[[ MATERIAL PROVIDED, beginning ]]

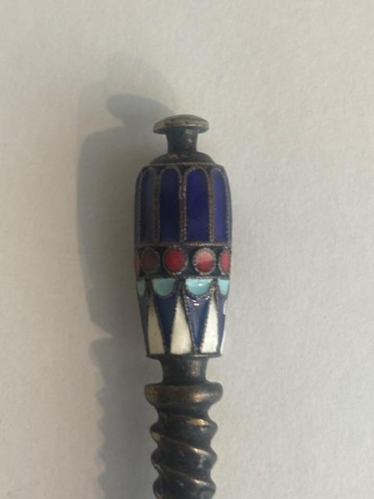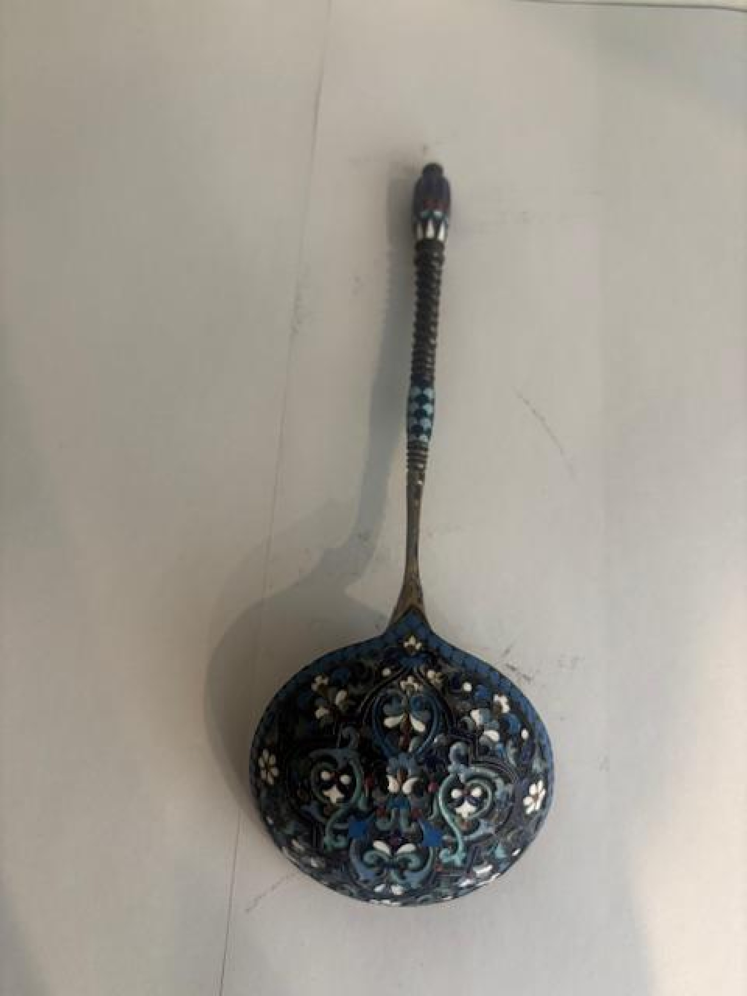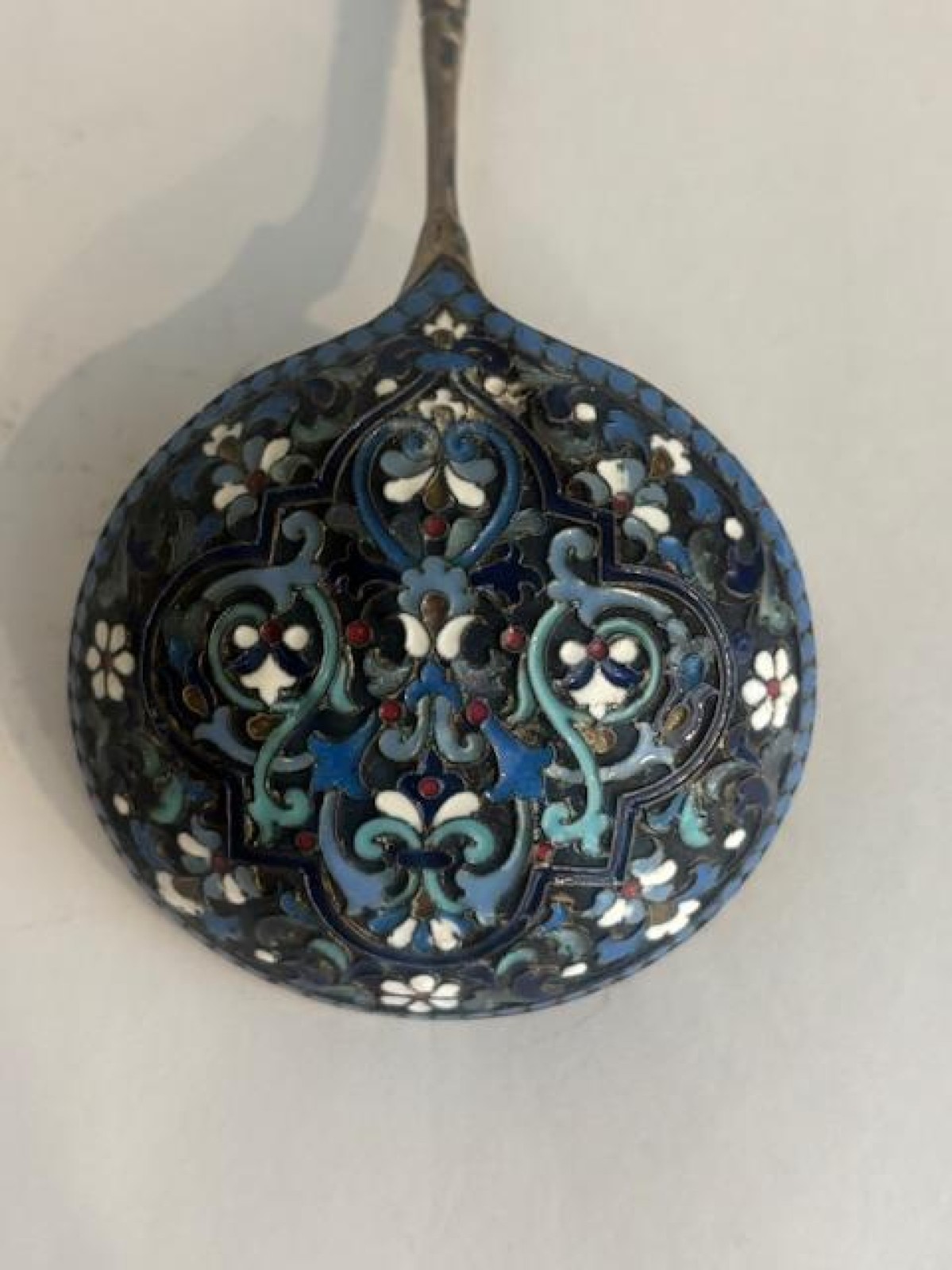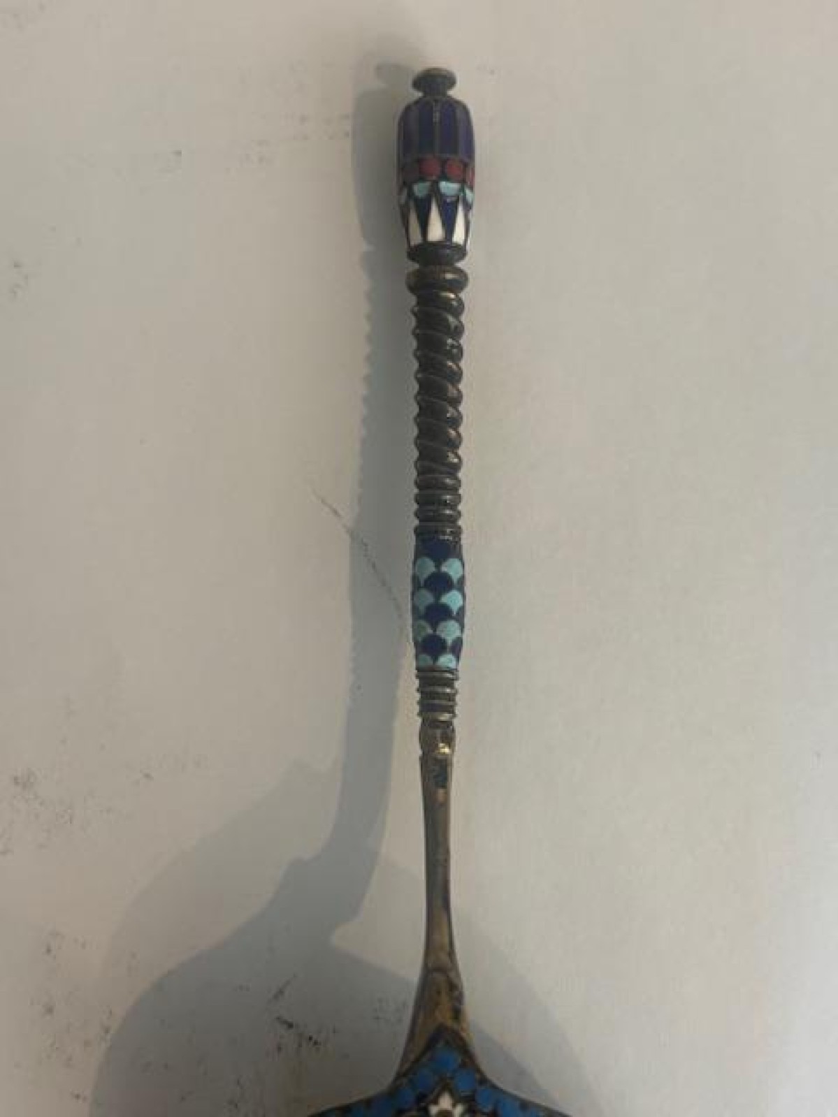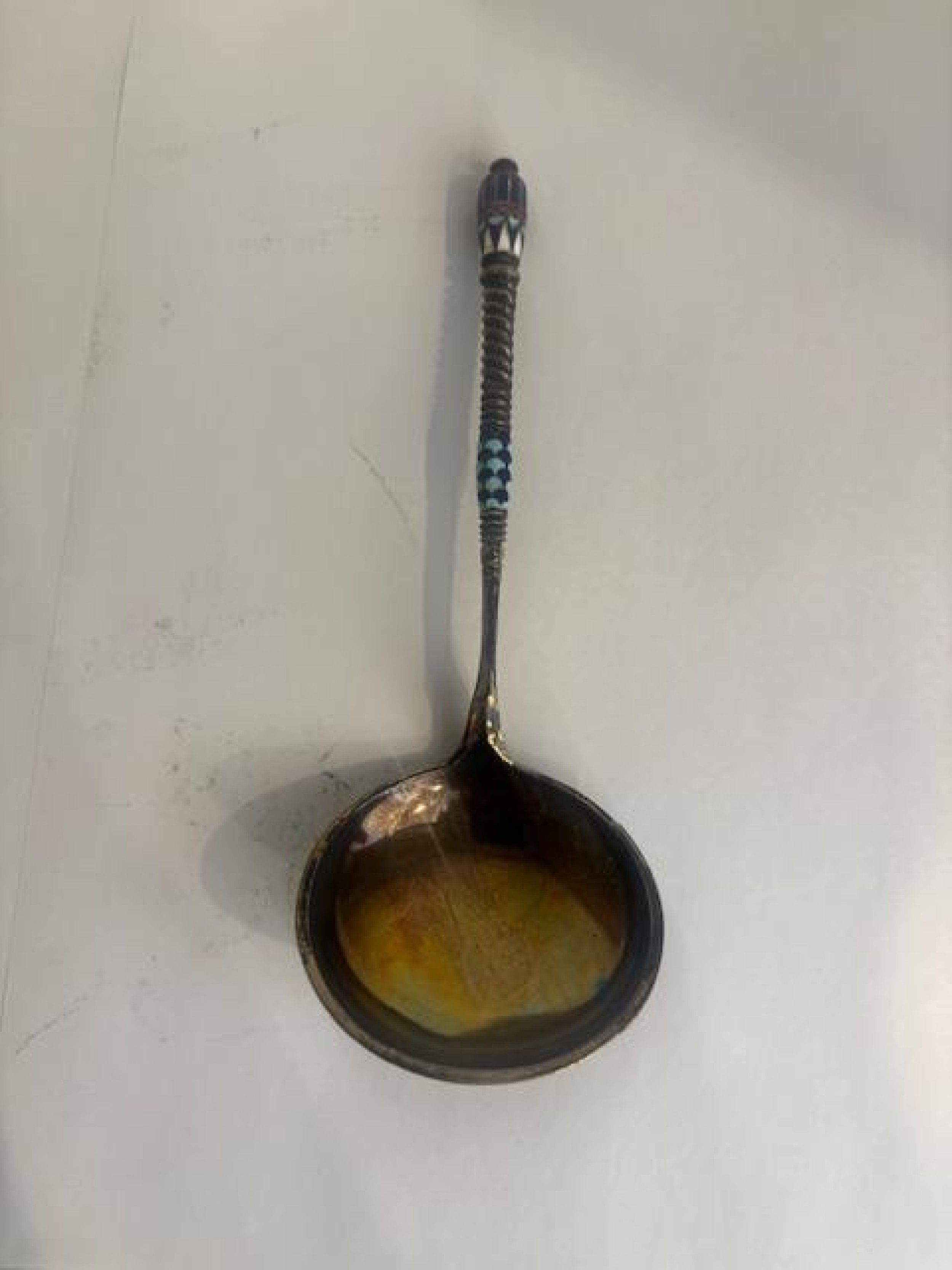 Russian Faberge Style Enamel Silver Gilt Large Spoon
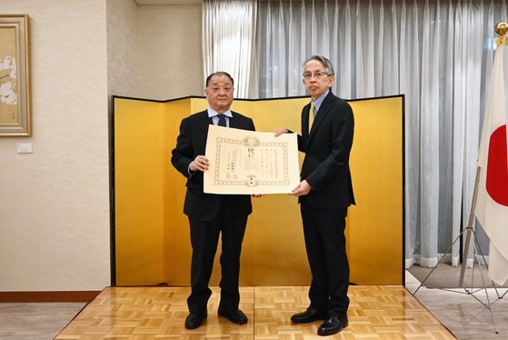 元駐日韓国大使の姜昌一(カン・チャンイル)氏は22日、徳仁天皇が授与する旭日大綬章を受け取った。韓日議員連盟会長や駐日大使を歴任して韓日友好協力増進のために尽くしてきた功績が認められた。大綬章は国や公共分野で功績を挙げた人に授与される旭日章のうち、最高等級の勲章だ。大綬章の授与は相星孝一駐韓日本大使が代理で行った。
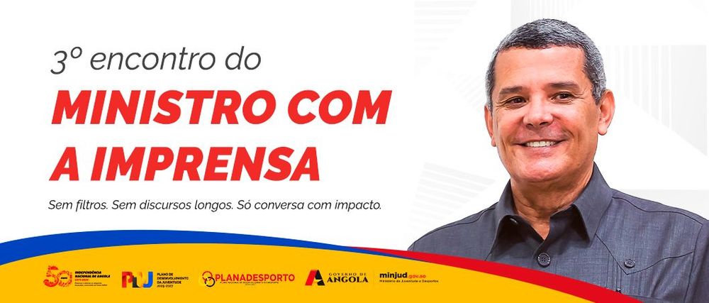 O Ministério da Juventude e Desportos informa que o Ministro Rui Luís Falcão Pinto de Andrade realizará, nesta quinta-feira, 17 de Julho, às 11h00, na Arena do Kilamba, o 3.º Encontro com a Imprensa.
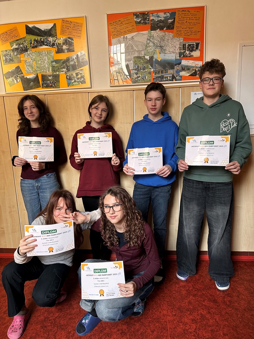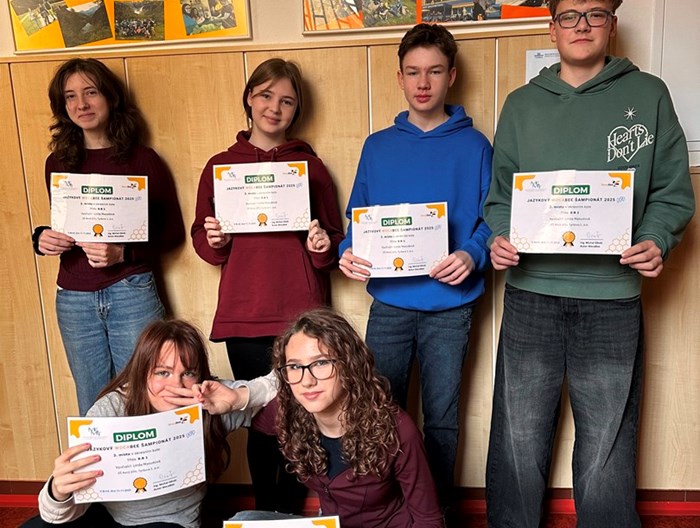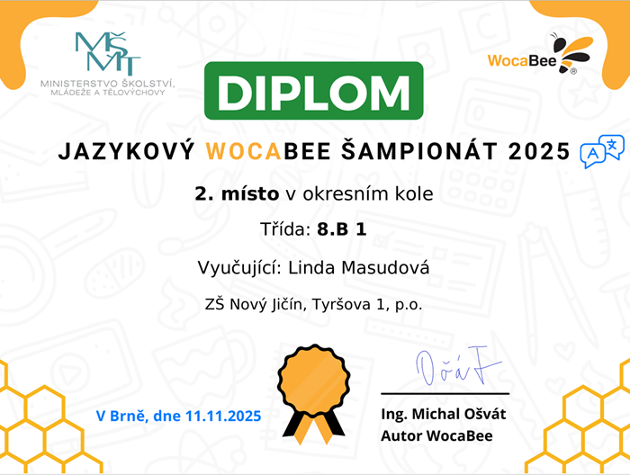 Okresní kolo jazykového šampionátu s aplikací na učení slovíček WocaBee probíhalo od 5. do 9.11.2025. Třídy soutěžily jako tým a každý žák měl k dispozici celkově max. 2 hodiny procvičování. Žáci třídy 8.B se v okresním kole umístili na krásném 2. místě a postoupili do krajského kola, které probíhá od 12. do 14. 11. 2025. Průměrný počet bodů na žáka v 8.B byl 937 bodů. Žáci vyhráli kromě diplomů i prodloužení platnosti aplikace o 1 měsíc. Moc gratulujeme a držíme pěsti v krajském kole!

[[ MATERIAL PROVIDED, end ]]

_WHAT YOU WILL DO_
Please produce an exact copy of the listing, omitting the pictures.

_TASK SOLUTION_
 Russian Faberge Style Enamel Silver Gilt Large Spoon
 元駐日韓国大使の姜昌一(カン・チャンイル)氏は22日、徳仁天皇が授与する旭日大綬章を受け取った。韓日議員連盟会長や駐日大使を歴任して韓日友好協力増進のために尽くしてきた功績が認められた。大綬章は国や公共分野で功績を挙げた人に授与される旭日章のうち、最高等級の勲章だ。大綬章の授与は相星孝一駐韓日本大使が代理で行った。
 O Ministério da Juventude e Desportos informa que o Ministro Rui Luís Falcão Pinto de Andrade realizará, nesta quinta-feira, 17 de Julho, às 11h00, na Arena do Kilamba, o 3.º Encontro com a Imprensa.
 Okresní kolo jazykového šampionátu s aplikací na učení slovíček WocaBee probíhalo od 5. do 9.11.2025. Třídy soutěžily jako tým a každý žák měl k dispozici celkově max. 2 hodiny procvičování. Žáci třídy 8.B se v okresním kole umístili na krásném 2. místě a postoupili do krajského kola, které probíhá od 12. do 14. 11. 2025. Průměrný počet bodů na žáka v 8.B byl 937 bodů. Žáci vyhráli kromě diplomů i prodloužení platnosti aplikace o 1 měsíc. Moc gratulujeme a držíme pěsti v krajském kole!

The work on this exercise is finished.